Все же он поднялся на лестничную площадку второго этажа противоположного дома и увидел Мишину за столом, лицом к окну, только что вернувшуюся с какого-то мероприятия, — ездила, наверное, в гости к кому-то из обкомовского актива, потому что одета в парадное платье (Гастев знал ее гардероб до последней комбинашки). Голод давал о себе знать, и будь Мишина нормальной бабой, стоило бы сейчас постучаться, войти: «Слушай, у тебя не найдется чего пожевать?» Как же, войти-то войдешь, а вот насчет еды — Мишина глаза вытаращит, питается в столовых и буфетах, на завтрак чай да хлеб. И — это уж точно — понесет белиберду о нравственном облике, станет клеймить преподавателя мединститута и бухгалтершу за то, что они — «встречаются». О, ханжество женщин при власти! Трусливый декан запретил писать и говорить «презумпция невиновно— сти», но прав перезревший мухомор, изымая из библиотеки Фрейда, Ломброзо и Ферри -кто-то из них привел пример, недостойный подражания: замужняя аристократка расстается со своим любовником, уверяет его в том, что их любовь иссякла, что она его презирает, — и одновременно запускает для массажа руку в штаны.

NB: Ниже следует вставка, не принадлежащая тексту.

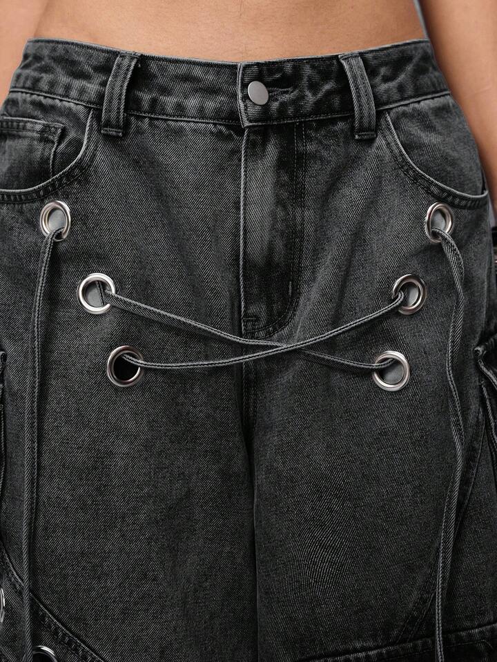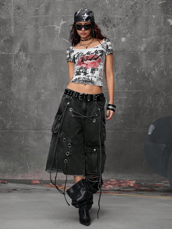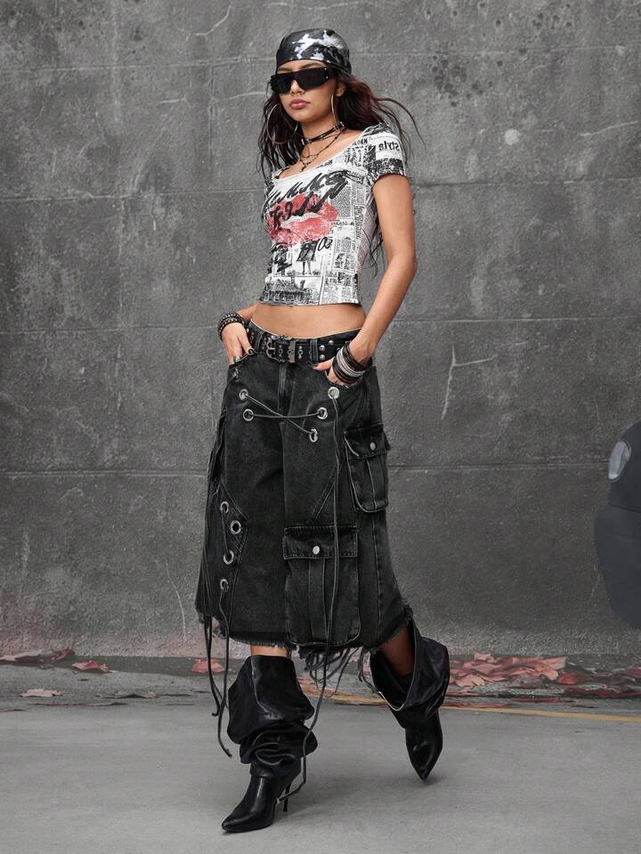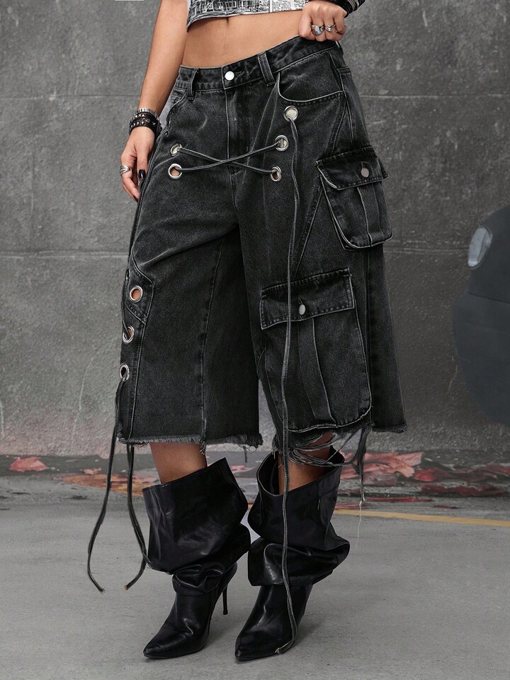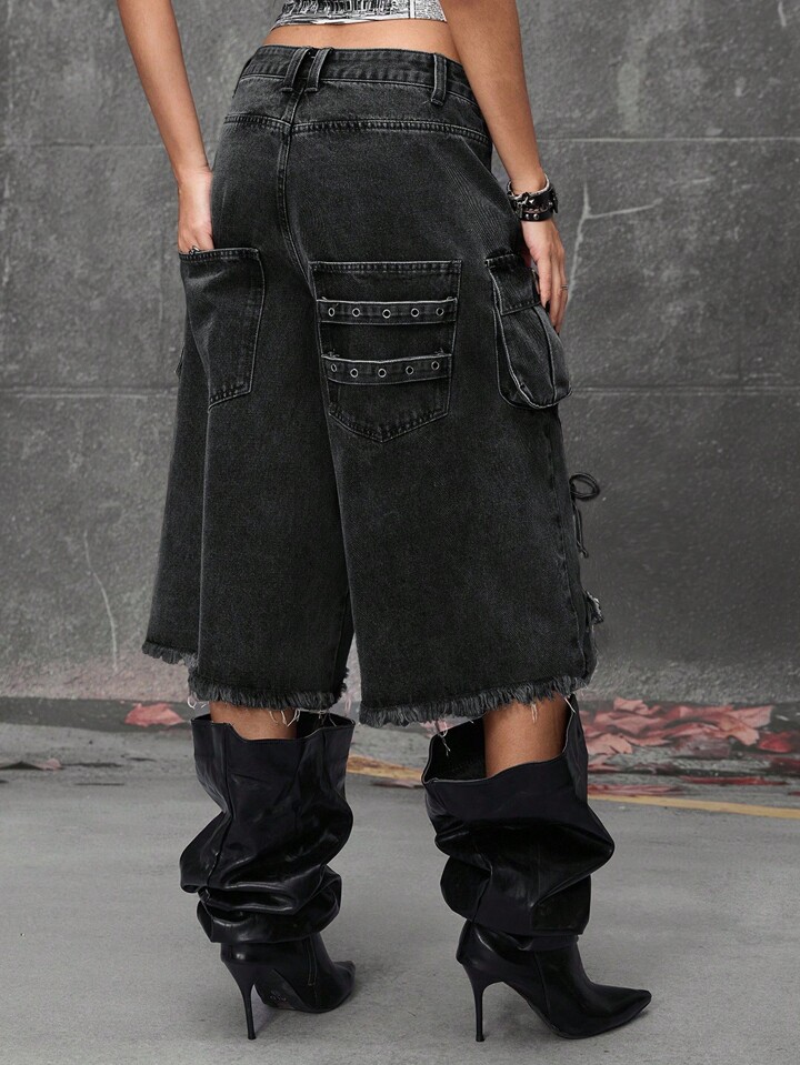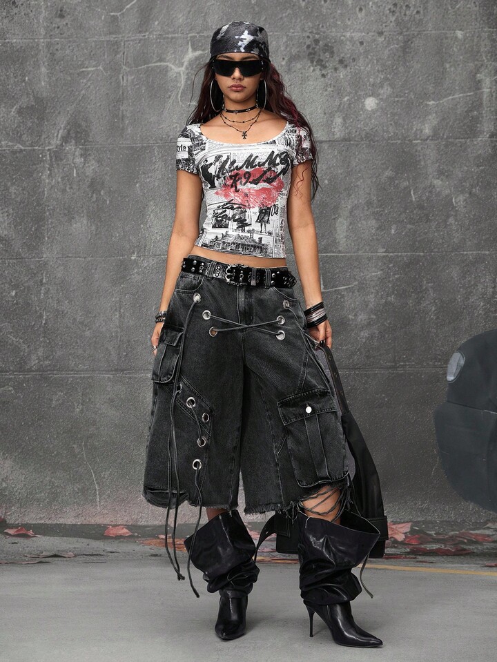 Grunge Punk Street Punk Style Distressed Loose Super Low Waist Women Denim Capri Pants

Нельзя идти к Мишиной еще и потому, что та болезненно нетерпима к алкоголю, забеснуется, унюхав запашок, и Гастев поторопился домой, к бутылке коньяка, услаждая себя рассуждениями о человечестве, которое пресеклось бы еще в каменном веке, вздумай дикарки прыгать на баобабе с ветки на ветку, отвергая нетерпеливых самцов. Женщине, конечно, надо немного поломаться, Адель, к примеру, минут пять вздыхала: «О, моя бедная Франция!..», а Гизелла, сносно болтавшая по-немецки, пускалась в воспоминания о великих писателях и художниках, которые черпали у нее вдохновение, заодно перемывая косточки собратьям по перу и кисти.
Засыпал он в сладкой надежде, что стерву эту Мишину когда-нибудь настигнет кара земная. И сон выдался счастливый: представилась ему очень знакомая комната, эксперты с фотоаппаратами, сидит за столом следователь (уж не дружище ли?) и пишет: «…обнаженный труп женщины 27 — 28 лет, лежащей на полу, головой к окну, ногами к двери, расстояние от головы до стены 1,45 метра, от ступней плотно сомкнутых ног до двери — 1,27 метра. Лицо обращено вверх, левая рука вытянута вдоль тела, правая согнута в локтевом суставе, пальцы держат партийный билет, залитый кровью и выданный Октябрьским райкомом ВКП(б) Мишиной Людмиле Парфеновне. Следов трупного окоченения нет, груди вытянутой эллипсоидной формы с короткими прямостоящими сосками…»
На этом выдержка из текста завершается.